**Exercise inputs:**
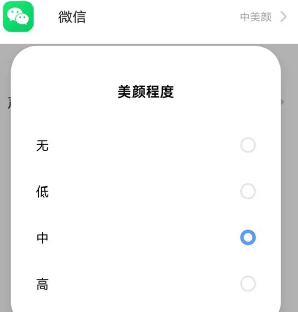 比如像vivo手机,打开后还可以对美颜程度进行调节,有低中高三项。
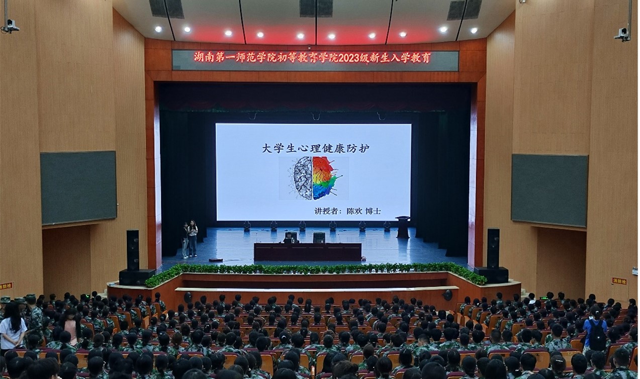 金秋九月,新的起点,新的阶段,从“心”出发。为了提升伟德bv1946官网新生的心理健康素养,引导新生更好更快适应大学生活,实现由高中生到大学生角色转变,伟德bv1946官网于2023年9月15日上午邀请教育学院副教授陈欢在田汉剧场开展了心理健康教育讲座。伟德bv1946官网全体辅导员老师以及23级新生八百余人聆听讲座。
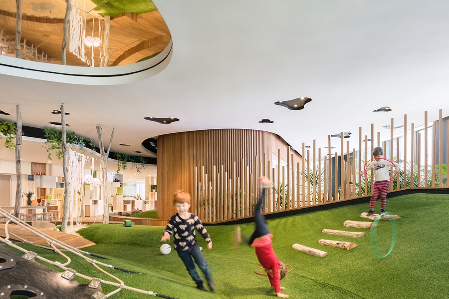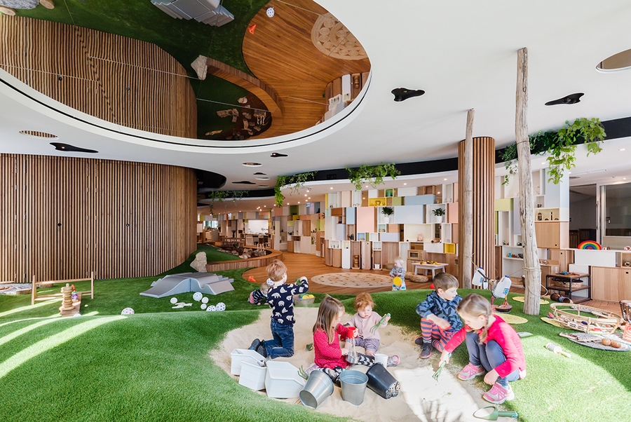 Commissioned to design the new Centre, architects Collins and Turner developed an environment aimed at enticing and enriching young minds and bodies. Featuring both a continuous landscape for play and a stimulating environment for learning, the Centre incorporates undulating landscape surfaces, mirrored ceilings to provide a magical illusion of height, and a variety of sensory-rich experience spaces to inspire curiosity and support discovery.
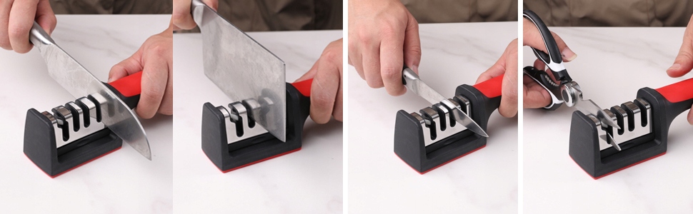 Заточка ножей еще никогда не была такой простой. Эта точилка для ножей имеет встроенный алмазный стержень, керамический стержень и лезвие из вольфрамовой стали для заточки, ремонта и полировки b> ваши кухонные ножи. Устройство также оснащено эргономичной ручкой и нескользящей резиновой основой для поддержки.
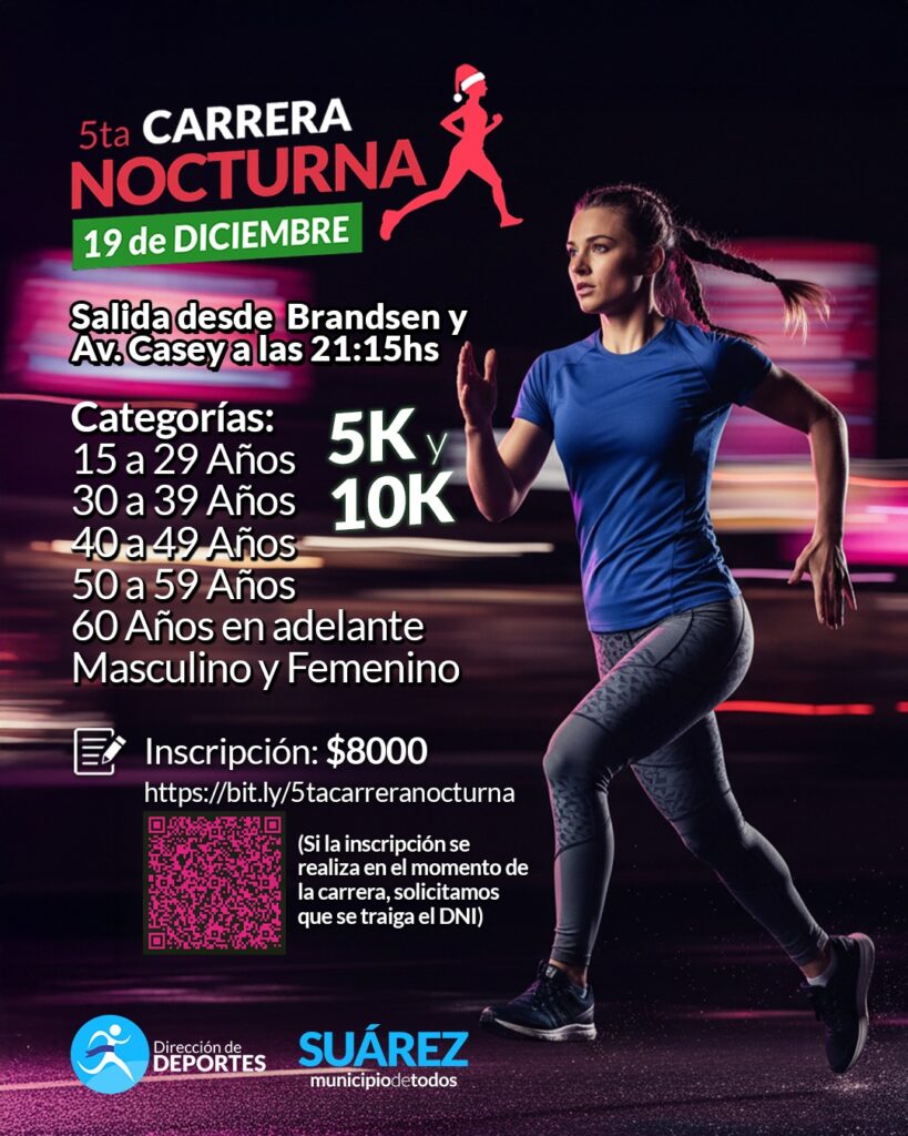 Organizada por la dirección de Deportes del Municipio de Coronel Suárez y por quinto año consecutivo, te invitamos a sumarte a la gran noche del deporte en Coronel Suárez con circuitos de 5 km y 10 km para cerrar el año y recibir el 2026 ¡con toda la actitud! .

**Work required:** All of the material should be written out again exactly, apart from the pictures.

**Problem solution:**
 比如像vivo手机,打开后还可以对美颜程度进行调节,有低中高三项。
 金秋九月,新的起点,新的阶段,从“心”出发。为了提升伟德bv1946官网新生的心理健康素养,引导新生更好更快适应大学生活,实现由高中生到大学生角色转变,伟德bv1946官网于2023年9月15日上午邀请教育学院副教授陈欢在田汉剧场开展了心理健康教育讲座。伟德bv1946官网全体辅导员老师以及23级新生八百余人聆听讲座。
 Commissioned to design the new Centre, architects Collins and Turner developed an environment aimed at enticing and enriching young minds and bodies. Featuring both a continuous landscape for play and a stimulating environment for learning, the Centre incorporates undulating landscape surfaces, mirrored ceilings to provide a magical illusion of height, and a variety of sensory-rich experience spaces to inspire curiosity and support discovery.
 Заточка ножей еще никогда не была такой простой. Эта точилка для ножей имеет встроенный алмазный стержень, керамический стержень и лезвие из вольфрамовой стали для заточки, ремонта и полировки b> ваши кухонные ножи. Устройство также оснащено эргономичной ручкой и нескользящей резиновой основой для поддержки.
 Organizada por la dirección de Deportes del Municipio de Coronel Suárez y por quinto año consecutivo, te invitamos a sumarte a la gran noche del deporte en Coronel Suárez con circuitos de 5 km y 10 km para cerrar el año y recibir el 2026 ¡con toda la actitud! .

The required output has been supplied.